The outer-conductor contact element, which after the crimping or pressing process is electrically connected to the exposed outer conductor folded back over the support sleeve in the region of the support sleeve, is matched in respect of its inner diameter to the outer diameter of the folded-back outer conductor. The distance between the outer-conductor contact element in the region of the support sleeve, i.e. in the non-constricted diameter region of the outer-conductor contact element, and the insulator part may be less than 1.5 mm, in particular less than 1.0 mm. In addition, the transverse extent of the filling element, when the filling element is in the non-incorporated state, is thus to be configured in such a manner that the filling element, when having been incorporated within the cable arrangement, fills the region between the outer-conductor contact element and the insulator part as optimally as possible.

Since the outer-conductor contact element may be crimped to the outer conductor of the cable in the region of the support sleeve, the outer-conductor contact element may be realized as a crimp barrel, in particular in the region of the support sleeve.
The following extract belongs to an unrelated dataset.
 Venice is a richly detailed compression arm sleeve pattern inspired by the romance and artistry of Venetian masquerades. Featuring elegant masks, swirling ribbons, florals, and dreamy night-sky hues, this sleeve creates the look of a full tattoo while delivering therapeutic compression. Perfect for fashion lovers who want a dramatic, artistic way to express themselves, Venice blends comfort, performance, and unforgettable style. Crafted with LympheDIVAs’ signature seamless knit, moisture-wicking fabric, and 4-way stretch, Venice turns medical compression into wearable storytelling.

The crimp type used may be a B-crimp type, which guarantees good mechanical stability of the crimped connection and is easy to produce. Alternatively, however, other crimp types may also be used. The crimped connection is made by a pressing force applied to the outer-conductor contact element from radially outside. The pressing force is applied, in the region of the support sleeve, over the entire circumference of the crimp barrel, such that the crimp barrel completely encircles the outer conductor folded back around the support sleeve.
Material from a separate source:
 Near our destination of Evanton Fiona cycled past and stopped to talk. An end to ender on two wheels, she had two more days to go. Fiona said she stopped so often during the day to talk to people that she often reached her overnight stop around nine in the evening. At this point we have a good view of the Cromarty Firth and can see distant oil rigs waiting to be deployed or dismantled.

In addition to this conductor crimp, a further crimp is effected between the outer-conductor contact element and the cable sheath to ensure a more stable attachment of the outer-conductor contact element to the cable. This further crimp is referred to as a sheath crimp or insulation crimp.

In some embodiments, the electrically conductive filling element is elastic. In particular, the electrically conductive filling element is elastic over its entire extent. In this way, the filling element can be adapted to cavities that, for reasons of production, differ in their shape and size. Typically, the elastic filling element, when having been incorporated within the cable arrangement, is thus smaller than in the non-incorporated state. The elasticity of the filling element also allows the cavity to be filled as completely as possible by the filling element.

In a first variant, the electrically conductive and elastic filling element is made of an electrically conductive elastomer. This may be an elastomer containing electrically conductive particles, for example metallic particles, scattered in a certain density. The size and shape of the individual metallic particles may vary slightly or, optimally, in each case match each other. The size, arrangement and distribution of the individual metallic particles within the elastomer are to be selected so that the electrically conductive and elastic filling element has sufficient electrical conductivity over its entire extent for a high-frequency signal in the stated frequency range.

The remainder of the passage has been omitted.